【Feature Selection】1-feature recursive elimination Recursive Feature Elimination

soundfeature selection(feature set selection) can sometimes give themouldRepresentation and Interpretation, Succinctness Bring Benefits. This paper is based on thegradient boosting machine and supportvector Machine is an example of this process.

Applied Machine Learning Using mlr3 in R - 6 Feature Selection

mlr-org - Recursive Feature Elimination on the Sonar Data Set

‘Currently, RFE works with support vector machines (SVM), decision tree algorithms and gradient boosting machines (GBM). Supported learners are tagged with the "importance" property.' (RFEs are ranked based on importance)

RFE-CVbeRFEA variant of。‘RFE-CV estimates the optimal number of features with cross-validation first.
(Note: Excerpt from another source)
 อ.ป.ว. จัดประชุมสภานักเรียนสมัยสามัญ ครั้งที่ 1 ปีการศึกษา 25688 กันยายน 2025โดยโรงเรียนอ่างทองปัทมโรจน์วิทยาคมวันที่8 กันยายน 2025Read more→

Then one more RFE is carried out on the complete dataset with the optimal number of features as the final feature set size.’

Typical RFE:

Creating an optimizer and storing the relevant parameter settings
Creating Machine Learning Tasks
Creating a Machine Learner
define the feature selection problem
commander-in-chief (military)feature selection problempass on tooptimizer
Train the final model with the best feature set on the full dataset and the test set to evaluate its performance




library(mlr3verse)




 



#1,retrieve the RFE optimizer with the fs() function.



optimizer = fs("rfe",




  n_features = 1,




  feature_number = 1,




  aggregation = "rank")




#The optimizer stops when the number of features equals n_features.
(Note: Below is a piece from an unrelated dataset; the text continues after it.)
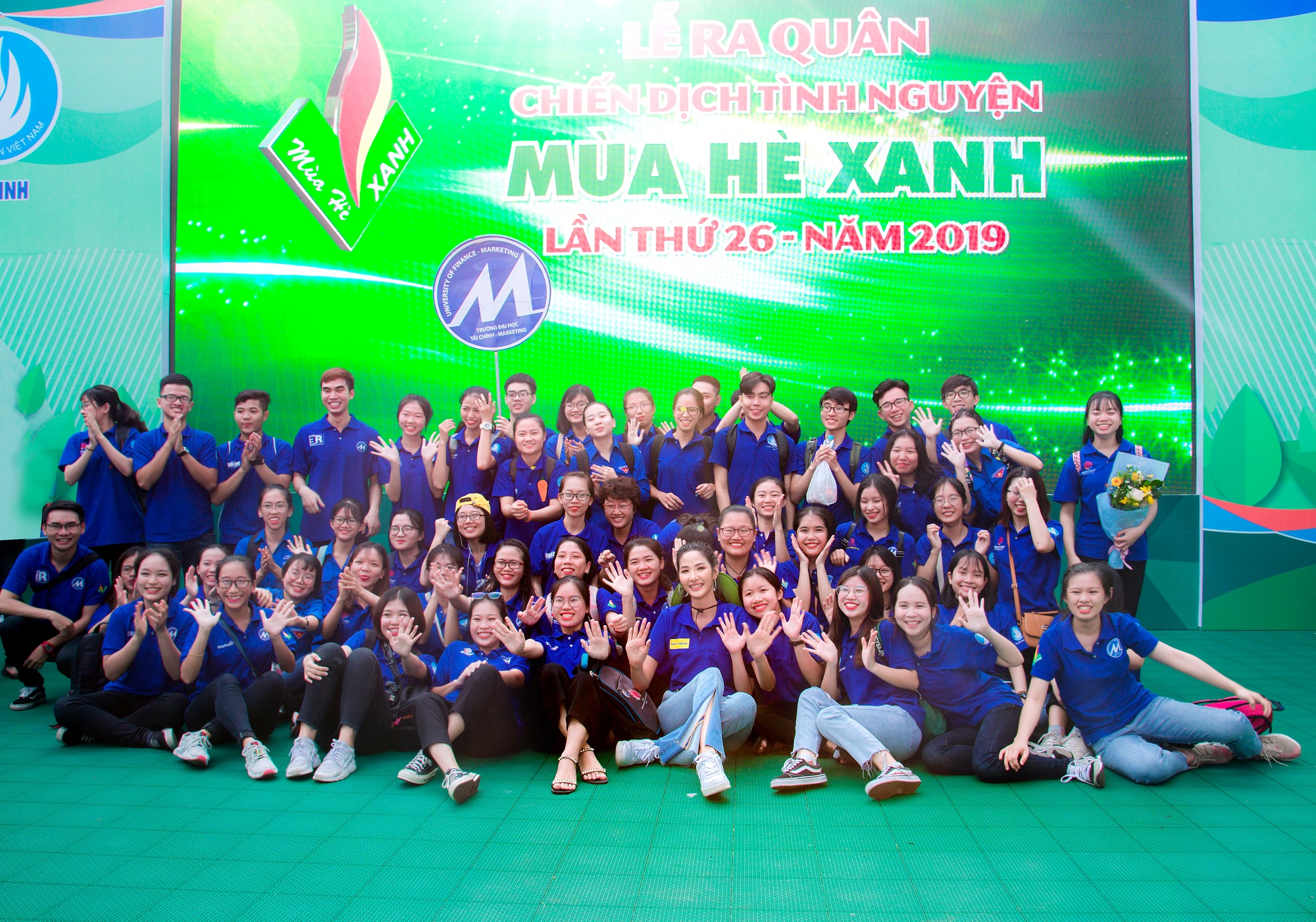Đại sứ vì môi trường của Nam A Bank Á hậu Hoàng Thùy cùng các tình nguyện viên tại Lễ ra quân chiến dịch Mùa hè xanh 2019.

#The parameters feature_number, feature_fraction and subset_size determine the #number of features that are removed in each iteration.



 



 



#2



task = tsk("sonar")




 



#3



learner = lrn("",




  distribution = "bernoulli",




  predict_type = "prob")




 



#4



instance = fsi(




  task = task,




  learner = learner,




  resampling = rsmp("cv", folds = 6),#ResamplingStrategy 60% off cv




  measures = msr(""),#Model performance metrics for auc




  terminator = trm("none"))#Endpoint: none, because we previously set the final feature count as the endpoint.




 



#5



optimizer$optimize(instance)




 



instance$result

Visualization of the feature selection process




library(viridisLite)



library(mlr3misc)



 




data = as.data.table(instance$archive)




data[, n:= map_int(importance, length)]



 



ggplot(data, aes(x = n, y = )) +




  geom_line(



    color = viridis(1, begin = 0.5),



    linewidth = 1) +




  geom_point(



    fill = viridis(1, begin = 0.5),



    shape = 21,



    size = 3,



    stroke = 0.5,



    alpha = 0.8) +




  xlab("Number of Features") +




  scale_x_reverse() +




  theme_minimal()

Optimization path of the feature selection. We observe that the performance increases first as the number of features decreases. As soon as informative features are removed, the performance drops.

RFE-CV:

Principle: RFE-CV determines the optimal number of features by CV before filtering them.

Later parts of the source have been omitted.